- Kord Kheyl Location within Iran
- Coordinates: 36°42′38″N 53°06′13″E﻿ / ﻿36.71056°N 53.10361°E
- Country: Iran
- Province: Mazandaran
- County: Sari
- District: Rudpey-ye Shomali
- Rural District: Farahabad-e Jonubi

Population (2016)
- • Total: 307
- Time zone: UTC+3:30 (IRST)

= Kord Kheyl, Rudpey-ye Shomali =

Village in Mazandaran province, Iran

Kord Kheyl (كردخيل) is a village in Farahabad-e Jonubi Rural District of Rudpey-ye Shomali District in Sari County, Mazandaran province, Iran.

==Demographics==
===Population===
At the time of the 2006 National Census, the village's population was 335 in 90 households, when it was in Rudpey-ye Shomali Rural District (Note: Renamed Farahabad-e Shomali Rural District) of the Central District.

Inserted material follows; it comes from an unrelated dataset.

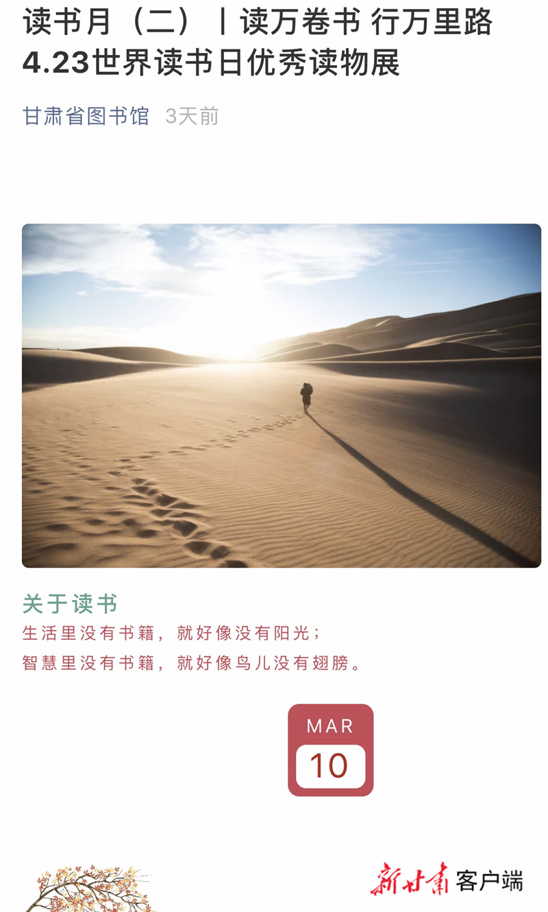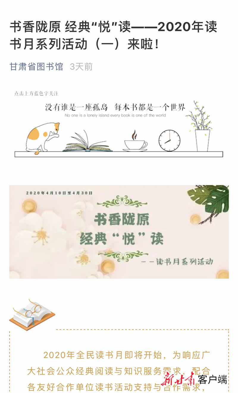 讓我們一起讀書吧!甘肅省圖書館推出線上讀書月系列活動(dòng)

The following census in 2011 counted 301 people in 101 households, by which time the rural district had been separated from the district in the formation of Rudpey District. The 2016 census measured the population of the village as 307 people in 109 households, when the rural district had been separated from the district in the formation of Rudpey-ye Shomali District and renamed Farahabad-e Shomali Rural District. The village was transferred to Farahabad-e Jonubi Rural District created in the new district.